Approximately 21,000 people die from radon related lung cancer each year in the United States, yet elevated levels of this health hazard can be prevented through these simple steps:

• Test: EPA and the U.S. Surgeon General recommend that all homes, both with and without basements, be tested for radon. Affordable Do-It-Yourself radon test kits are available at home improvement and hardware stores and online or a qualified radon tester can be hired.

• Fix: EPA recommends taking action to fix radon levels above 4 Picocuries per Liter (pCi/L). Addressing high radon levels often costs the same as other minor home repairs.

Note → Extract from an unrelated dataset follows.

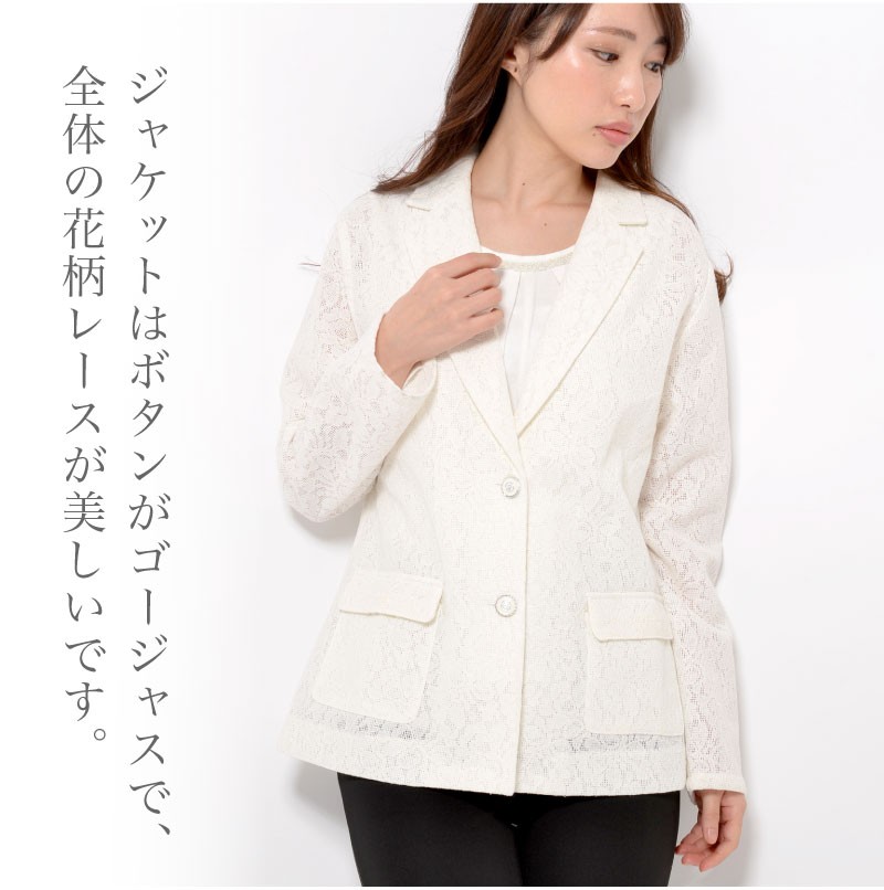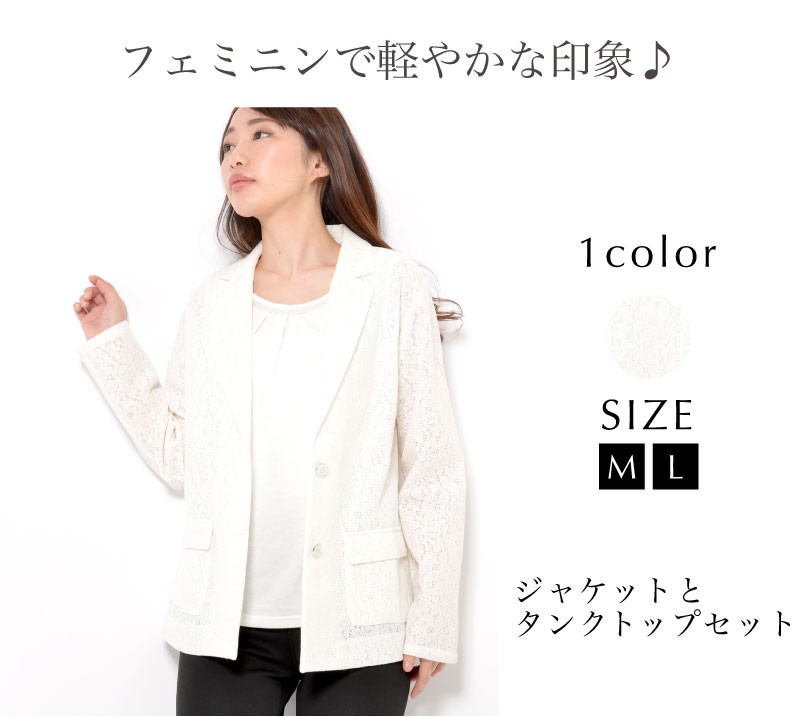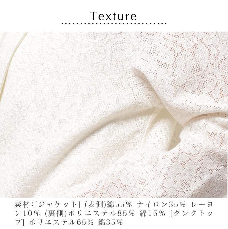 | サイズ | Mサイズ Lサイズ | | 実寸 | 表記は全てcm [ジャケット] [M] バスト98(79-87) 着丈62 袖丈58 肩幅39 [L] バスト104(86-94) 着丈64 袖丈58 肩幅41 [タンクトップ] [M] バスト89(79-87) 身丈60 肩幅34 [L] バスト95(86-94) 身丈62 肩幅36 ※[ジャケット]商品により柄の出方が異なる場合があります。 ●[ジャケット](前)左右ポケット | | 素材 | [ジャケット] (表側)綿55% ナイロン35% レーヨン10% (裏側)ポリエステル85% 綿15% [タンクトップ] ポリエステル65% 綿35% | | 生産国 | 中国 | | 裏地 | あり | | 生地の伸縮 | なし | | 生地の透け感 | なし | | カラー | 01. オフホワイト | | 注意点 | ▼綿混合商品は洗濯時に多少縮む事がございます。 ▼パソコン、モニター等の環境により、実際の商品素材カラーが多少異なる場合が御座います。予めご了承ください。 ▼お手数ですが必ずお買い物ガイドを一読頂いてからご利用いただきますようお願い申し上げます。 | |

• Save a Life: By testing and fixing for elevated levels of radon in your home, you can help prevent lung cancer while creating a healthier home and community.

Radon is a natural, radioactive gas that comes from the breakdown of uranium in soil, rock and water. It can enter homes through cracks in the foundation or other openings such as holes or pipes. In addition to testing for radon, there now are safer and healthier radon-resistant construction techniques that home buyers can discuss with builders to prevent this health hazard.

In 2011, EPA announced the Federal Radon Action Plan, along with General Services Administration and the Departments of Agriculture; Defense; Energy; Health and Human Services; Housing and Urban Development; Interior; and Veterans Affairs. The plan focuses on radon risk reduction, addresses finance and incentive issues to drive testing and mitigation, and builds demand for services from industry professionals.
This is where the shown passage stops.